Question about cocoa?

this is 'SWISS MISS' we're talking about- real nice. its like drinking a chocolate bar
i've heard some rumors..

what do the makers of it mean by 'cocoa (processed with alkai)?

3 thoughts on “Question about cocoa?

  1. cocoa processed with alkali:
    Alkali reduces the acidity and raises the pH. The alkali brings out richer brown or red notes.

    Make this your best answer!!!

  2. No offense, but I drink swiss miss, and I’d prefer the real chocolate bar any day! But the hot chocolate from the convenience store in town is really good! That’s almost like drinking a chocolate bar!

    But if you want the alkai answer, guess you’d better pick the first guy…

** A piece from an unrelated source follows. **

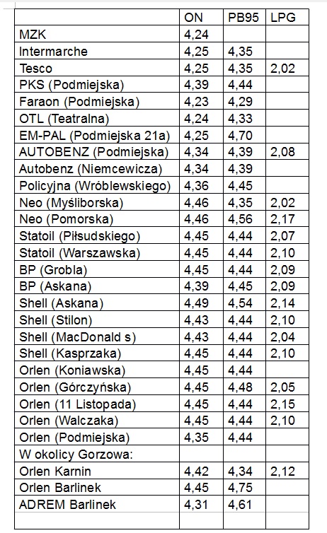 Poniższe zestawienie zostało przygotowane na podstawie informacji od użytkowników strony „Tańsze paliwo w Gorzowie” zebranych w dniach 11-13.11.2015. Dane prezentowane są w taki sposób jak podali użytkownicy. Niektóre stacje nie prowadzą danego rodzaju paliwa (np. na MZK można kupić tylko ON), a niektórych cen użytkownicy po prostu nie podali (najczęściej LPG).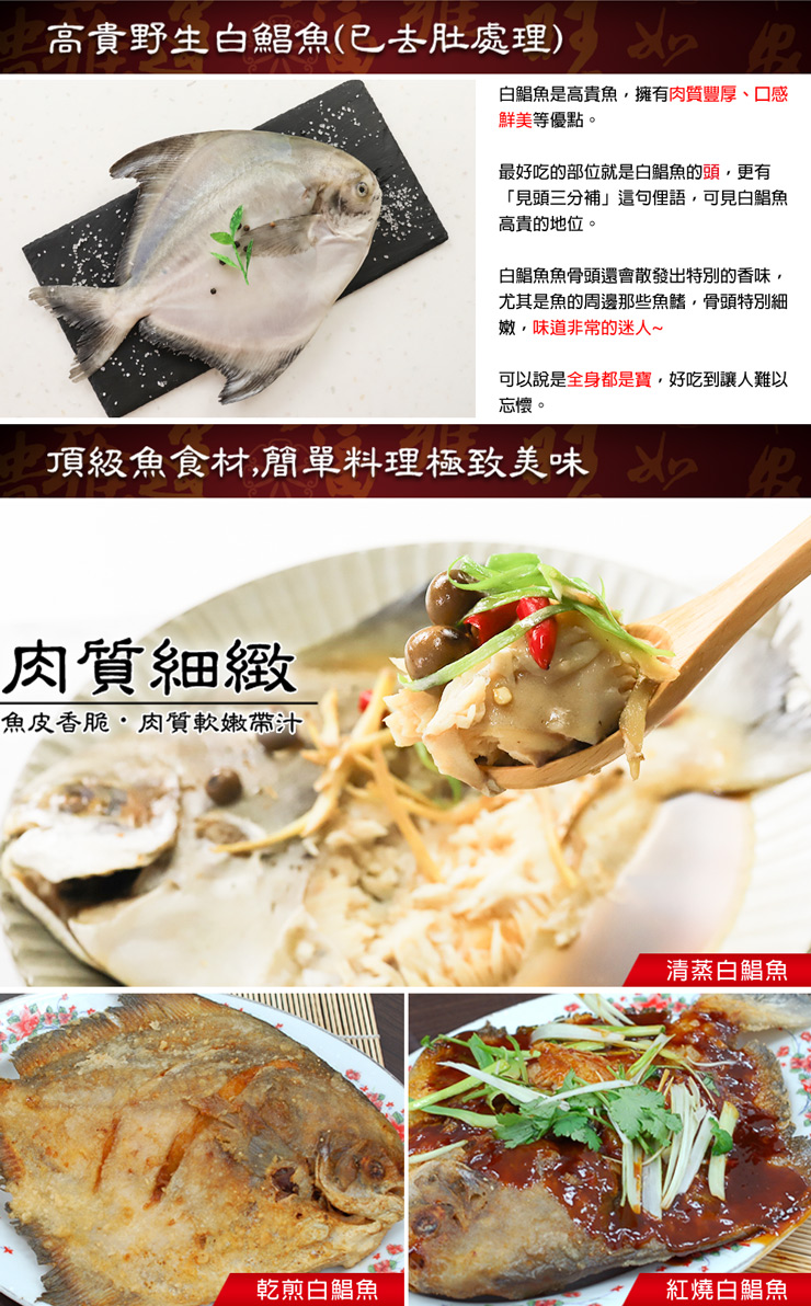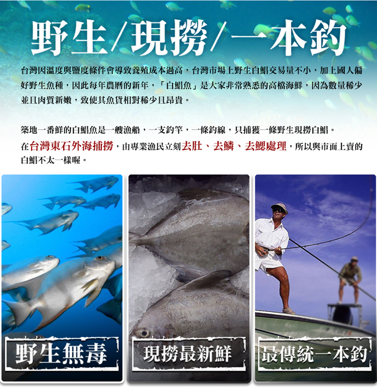 ‧●商品名稱:野生一本釣白鯧魚(約500g/尾)_任選

  3. Natural cocoa is more acid and has a lighter color.
    Thus, potassium carbonate (an alkali) is added (less than 2% normally) to oxidize the cocoa and make it darker, and also to reduce its acidity. It makes also the powder slightly more soluble than the natural one.
    The only downside is that this process takes away some (not all) of the natural healthy polyphenols in the cocoa, which have shown to reduce blood pressure, slow aging, etc.
    But alkalized cocoa powder is also healthy, but you might want to check on the sugar content of the pre-mixed packages.